• TRY IT
Give again, word for word, the line holding "have created trouble" and every line after it through the end of the data below. Omit pictures.

------ DATA SECTION ------

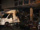 Zum Bergen des Wohnmobils beorderte KBI Rudi Höfler den Rüstwagen der FF Roßtal an die Einsatzstelle. Mittels Seilwinde wurde das völlig verbrannte Fahrzeug aus der Tiefgarage gezogen.
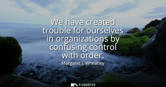 "We have created trouble for ourselves in organizations by confusing control with order"
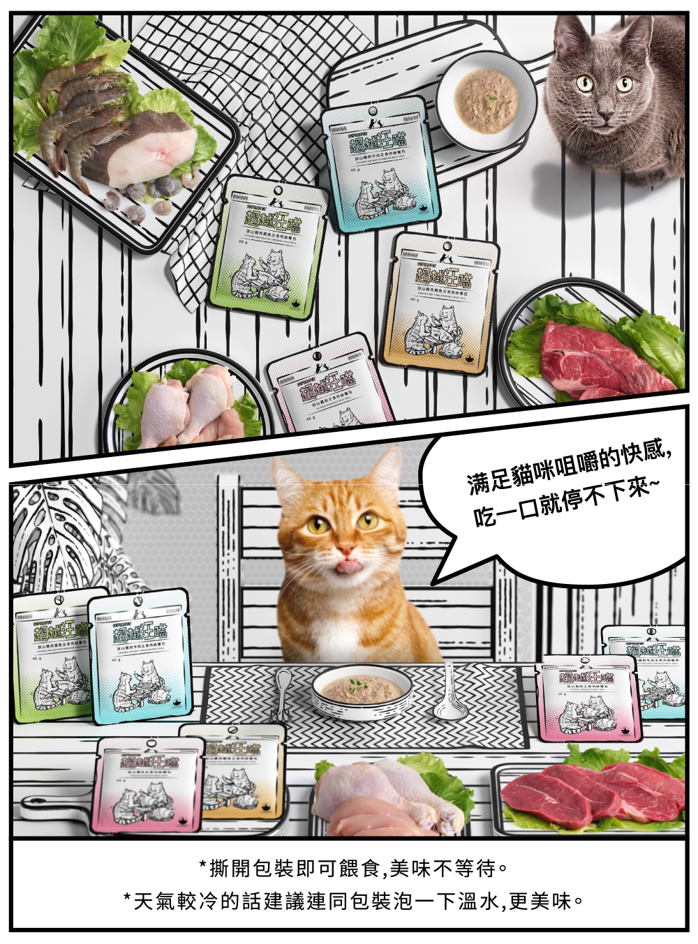 95%鮮肉搭配新鮮蔬果熬煮,撕開包裝即可看到完整肉絲與肉塊 內附滿滿的湯汁,讓貓咪享受咀嚼的快感!

------

• TASK RESULT
 "We have created trouble for ourselves in organizations by confusing control with order"
 95%鮮肉搭配新鮮蔬果熬煮,撕開包裝即可看到完整肉絲與肉塊 內附滿滿的湯汁,讓貓咪享受咀嚼的快感!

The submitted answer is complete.